Tensorflow2 Implementation of Latent Diffusion Model (LDM)

This is a TensorFlow2 implementation (tested on version 2.13.0) of Latent Diffusion Model (paper and official PyTorch implementation)

Quick start

Clone this repo

git clone [email protected]:chao-ji/ldm_tf2.git

And install the required python libraries.

pip install -r requirements.txt

Note that the only thing needed (other than tensorflow) is the library transformers by HuggingFace, which is used to tokenize text prompts.

Convert pretrained model to TF2 format

The official PyTorch implementation comes with pretrained txt2img model.

First you need to download and unzip it, and convert it into TF2 format:

python convert_ckpt_pytorch_to_tf2.py --pytorch_ckpt_path model.ckpt

You will get three TF2 checkpoints transformer-1.data-00000-of-00001, transformer-1.index, unet-1.data-00000-of-00001, unet-1.index, autoencoder-1.data-00000-of-00001, autoencoder-1.index.

This is a model of ~1.5B parameters (~0.54B for transformer, ~0.87B for unet, and ~0.09B for the KL-regularized autoencoder)

Sampling

Now is the time to generate images with text prompt!

Note that all the configurations (for either training or sampling) can be set in all_in_one_config.yaml

First make sure that all the checkpoint files for transformer-1, unet-1, and autoencoder-1 are correctly set under pre_ckpt_paths.

pre_ckpt_paths:
  cond_stage_model: transformer-1
  unet: unet-1
  autoencoder: autoencoder-1

The specific parameters for controling the sampling process can be found under ldm_sampling:

ldm_sampling:
  # scale for classifier free guidance
  guidance_scale: 5.

  # shape of the latent variable in [batch_size, height, width, latent_channels]
  # the shape of the final generated image is `height * 8` by `width * 8`  
  # `batch_size` in `latent_shape` is just the number of images to be generated in one batch
  latent_shape: [4, 32, 32, 4]

  # whetehr to save intermediate results for estimated `x_{t-1}` and `x_{0}`
  sample_save_progress: false

  text_prompt: "a virus monster is playing guitar, oil on canvas"

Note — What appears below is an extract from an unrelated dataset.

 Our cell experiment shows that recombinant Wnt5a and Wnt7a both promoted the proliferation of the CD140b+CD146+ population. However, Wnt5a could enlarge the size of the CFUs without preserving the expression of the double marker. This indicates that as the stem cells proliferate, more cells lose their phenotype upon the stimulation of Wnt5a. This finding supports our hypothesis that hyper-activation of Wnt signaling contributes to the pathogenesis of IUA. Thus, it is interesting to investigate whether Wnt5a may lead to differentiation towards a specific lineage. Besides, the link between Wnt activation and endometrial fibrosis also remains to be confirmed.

  vocab_dir: bert_model # directory where the `vocab.txt` file is located

  autoencoder_type: "kl" # ["kl", "vq"]

Note guidance_scale is the hyperparameter proposed in classifier-free diffusion guidance to control the mode-coverage vs. fidelity tradeoff. Larger values indicate less diversity but high quality.

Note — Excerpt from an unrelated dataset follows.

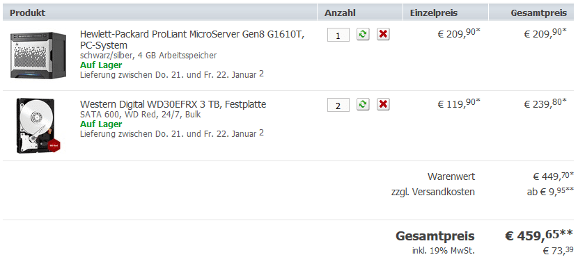 Ich hatte breits mal ein 2 Bay System von Synoligy hier, allerdings hat mich diese nicht überzeugt und deshalb ging es zurück zum Händler. Vor einiger Zeit habe ich bereits hier im Forum gestöbert und bin auf die MicroServer von HP aufmerksam geworden. Ich denke, dass diese für meinen Zweck dienlich sind.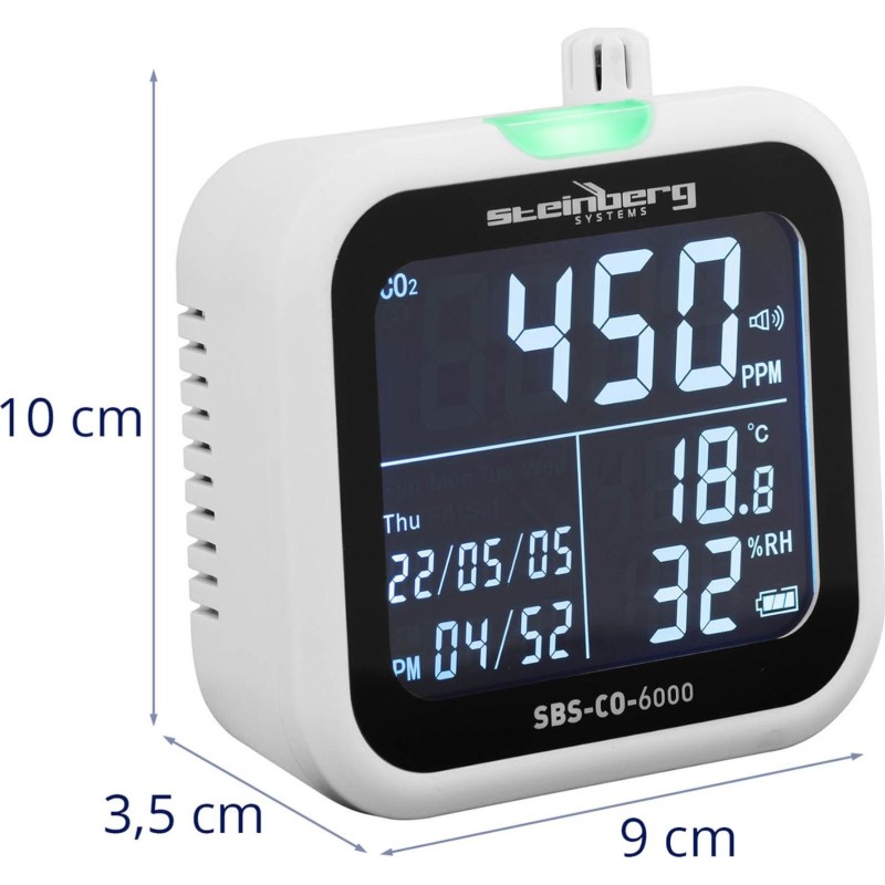 Steinberg CO2-, Temperatur- und Feuchtigkeitsmessgerät mit Datums- und Zeitanzeige, 1–99 %, -20–60 °C CO2-, Temperatur- und Feuchtigkeitsmessgerät

Also the parameters eta and num_ddim_steps (proposed in DDIM) under ldm may also have an impact on the quality of the generated images, where eta (float between 0 and 1 ) controls the level of variance in the reverse (i.e. generative) process, and num_ddim_steps (<= 1000, i.e. the DDPM steps) is the length of the subsequence of DDPM steps. Consider setting them to large values like the following

ldm:
  num_steps: 1000
  beta_start: 0.00085
  beta_end: 0.012
  v_posterior: 0.
  scale_factor: 0.18215
  eta: 1.
  num_ddim_steps: 200

To sample, just run

python run_ldm_sampler.py --config_path all_in_one_config.yaml

The generated images are in the form of numpy arrays (with shape [N,H,W,C]) and are saved to .npy files.

Training

Training of latent diffusion model is divided into two stages:

Train an autoencoder, which has an encoder that encodes image in pixel space to latent space, and a decoder that decodes latent variable back to image space.
Train diffusion model (conditioned on text) on the encoder of a pretrained autoencoder.

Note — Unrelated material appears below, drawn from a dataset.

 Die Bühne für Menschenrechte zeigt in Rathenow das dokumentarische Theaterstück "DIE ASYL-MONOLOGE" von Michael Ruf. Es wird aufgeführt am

Convert raw data to TFRecord files

run_tfrecord_converters.py is an example that shows how to generate tfrecord files from raw data. Functions convert_images_to_tfrecord and convert_coco_captions_to_tfrecord in dataset.py handles the conversion of "image only" dataset and "image-caption pair" dataset, which are used to train autoencoders and latent diffusion models, respectively. Modify the parameters in run_tfrecord_converters.py for your own case.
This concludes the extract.